THIS OPTION AGREEMENT (this "Agreement") entered into this 28th day of December,
1999, between:

(1)   ICICI LIMITED, a public limited company incorporated under the Indian
      Companies Act, 1913 and having its registered office at ICICI Towers,
      Bandra Kurla Complex, Bandra (East), Mumbai 400 051 (hereinafter referred
      to as 'ICICI', which expression shall, unless the context otherwise
      requires, be deemed to include its successors and permitted assigns);

(2)   WIPRO LIMITED, a public limited company incorporated under the Companies
      Act, 1956 and having its registered office at 10th Floor, Du Parc Trinity,
      17, M.G. Road, Bangalore 560 001 (hereinafter referred to as "the
      Company", which expression shall, unless repugnant to the context, be
      deemed to include its successors and permitted assigns).

ICICI and the Company are hereinafter collectively referred to as the
"PARTIES" and individually as a "PARTY")
<PAGE>

WHEREAS:

(A)   ICICI and the Company have entered into a Share Purchase Agreement dated
      December 28, 1999, whereby ICICI has agreed to purchase and the Company
      has agreed to sell to ICICI 1,791,385 equity shares of Wipro Net at Rs.
      555.0 per share.

(B)   One of the terms and conditions of the Share Purchase Agreement is that
      the Company will provide to ICICI a put option whereby ICICI may sell
      to the Company or its nominee up to 1,791,385 shares of Wipro Net at the
      Put Option Strike Price during the Put Option Period (the "Put
      Option").

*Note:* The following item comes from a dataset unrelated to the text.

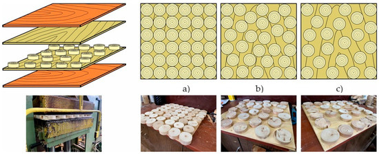 In type (a), the goal was to fulfil maximum (100%) filling of the veneers with peeler core sections. The sections obtained were arranged tightly next to each other, leaving as little gaps as possible between them (Figure 2a). In this case, the maximum number of sections on the veneers with dimensions of 600 mm × 600 mm was 36 pieces. Type (b) aimed to reduce the sections to approximately 80% of the maximum number, i.e., 29 pieces. The number of peeler core sections in type (c) was reduced to approximately 60%, and the respective number of sections was 22. Thus, the effective percentages of the panel surfaces glued to the peeler core slides were 80%, 64%, and 48%, respectively.

ICICI will provide to the Company or its nominee a call
      option whereby the Company or its nominee may buy from ICICI 1,791,385
      Shares of Wipro Net at the Call Option Strike Price during the Call
      Option Period (the "Call Option").

NOW THEREFORE, the Parties hereto hereby agree as follows:

1.    DEFINITIONS

1.1   Capitalised terms used in this Agreement shall have the meanings set forth
      below:

      "WIPRO NET" means WIPRO NET LIMITED, a company incorporated under the
      Companies Act, 1956, having its registered office at 10th Floor, Du Parc
      Trinity, 17, M.G. Road, Bangalore 560 001;

      "SHARE PURCHASE AGREEMENT" means the share purchase agreement dated
      December 28th, 1999, entered into between ICICI and the Company;

      "PROMOTER" means any person who currently holds either directly or through
      investment companies controlled by him, the majority in the paid up equity
      share capital of the SELLER.

      "CALL NOTICE" means the notice given by the Company under Section 4.5
      hereof.

      "CALL OPTION PERIOD" means the period between 13 months and 18 months from
      the execution of the Share Purchase Agreement, unless otherwise agreed to
      by ICICI subject to the terms of Clause 3.1.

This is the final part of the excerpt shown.